Friday, August 25, 2023

Our skin may actually cause ageing

 

The BBC reports:


The latest research suggests that our skin is not just a mirror for our lifestyles – reflecting the effects of years of smoking, drinking, sun and stress – and hinting at our inner health. No, in this new upside-down-world, the body's largest organ is an active participant in our physical wellbeing. This is a strange new reality where wrinkles, dry skin and sunspots cause ageing, instead of the other way around.

In 1958 ... [a] major project was quietly conceived. The Baltimore Longitudinal Study was to be a scientific investigation of ageing with a daring and rather unorthodox premise ... The research followed thousands of adult men (and later, women) for decades, to see how their health developed – and how this was affected by their genes and the environment.

Just two decades in, scientists had already made some intriguing breakthroughs, from the discovery that less emotionally stable men were more likely to be diagnosed with heart disease to the revelation that our problem-solving abilities decline only slightly with age.

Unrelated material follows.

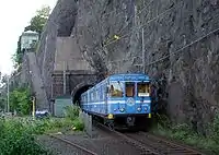 A train (C11) on Saltsjöbanan entering Stadsgården tunnel. At lower left is the former track towards Stockholm South, now paved over a few dozen metres from this point.

But one of the most striking findings confirmed what people had long suspected: how youthful you look is an impressively accurate expression of your inner health. By 1982, those men who had been assessed as looking particularly old for their age at the beginning of the study, 20 years earlier, were more likely to be dead.  This is backed up by more recent research, which found that, of patients who were judged to look at least 10 years older than they should, 99% had health problems.

It turns out skin health can be used to predict a number of seemingly unconnected factors, from your bone density to your risk of developing neurodegenerative diseases or dying from cardiovascular disease. However, as the evidence has begun to add up, the story has taken a surprise twist.

. . .

As the largest organ in the body, the skin can have a profound impact. The chemicals released by diseased and dysfunctional skin soon enter the bloodstream, where they wash around, damaging other tissues. Amid the ensuing systemic inflammation, chemicals from the skin can reach and harm organs that seem entirely unrelated, including your heart and brain.

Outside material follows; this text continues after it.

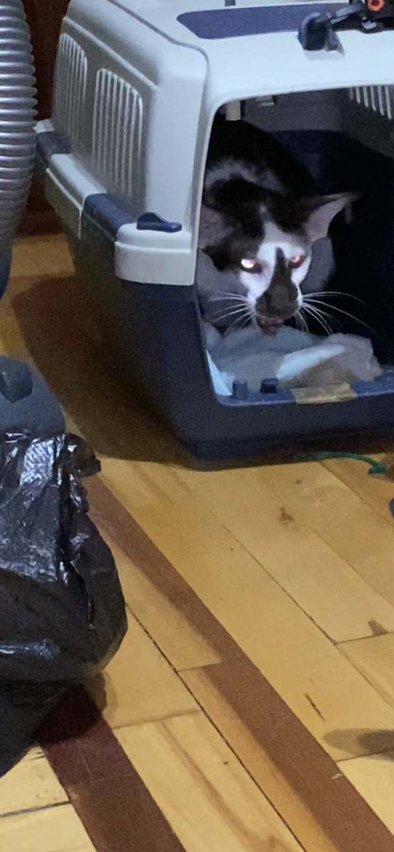 В назначенный день и час забираю кошку из поезда. Всю дорогу в машине мяукает. Дома открываю дверцу переноски, а она шипит и кидается. Кошка была в ужаснейшем стрессе. Знакомить с котом даже не стала. Спустя время она конечно же вышла и местом своего проживания и укрытия выбрала ванную, точнее под ванной. Выходила она только ночью, когда все были по кроватям. Своего кота запирала, чтоб кошечка могла освоить территорию. Так мы с ней около недели купались, по нужде ходили, короче все, что делают в ванной. Конечно же мы с ней разговаривали, игрушки приносили, погладить пытались, вкусняшками обманывали- а она игрушку под ванну затащит и там играется. Очень долго привыкала к новому дому. Когда она уже освоилась и позволила взять себя на руки, стали видны проблемы со здоровьем. Во-первых, порвано ухо ( на фото ухо целое). Во-вторых, сильный запах из пасти. И в-третьих, один глаз все время слезится и поэтому весь в козявках. Пришлось отложить поход к ветеринару ещё на неделю, боялась

The result is accelerated ageing, and a higher risk of developing the majority of – or possibly even all – related disorders. So far, aged or diseased skin has been linked to the onset of cardiovascular disease, type 2 diabetes and cognitive impairment, as well as Alzheimer's and Parkinson's disease.

. . .

... there is direct evidence that [using sunscreen and moisturizing the skin] does reduce inflammation – and that it may help to prevent dementia ... adding moisture back is not particularly complicated, whatever cosmetics adverts seem to suggest. And in the field of ageing, this simple intervention is showing remarkable results.


There's more at the link.

I'm intrigued by this research because, like many others, I was exposed to particularly harsh conditions for my skin during my military service.  When you're deployed, nobody's going to provide sunscreen or moisturizer for your skin - at least, no military organization of which I've ever heard has done so.  You provide your own, or get sunburned and wizened like a dried-up prune.  (Yes, there are other similes.  No, I'm not going to mention them in a family-friendly blog like this!)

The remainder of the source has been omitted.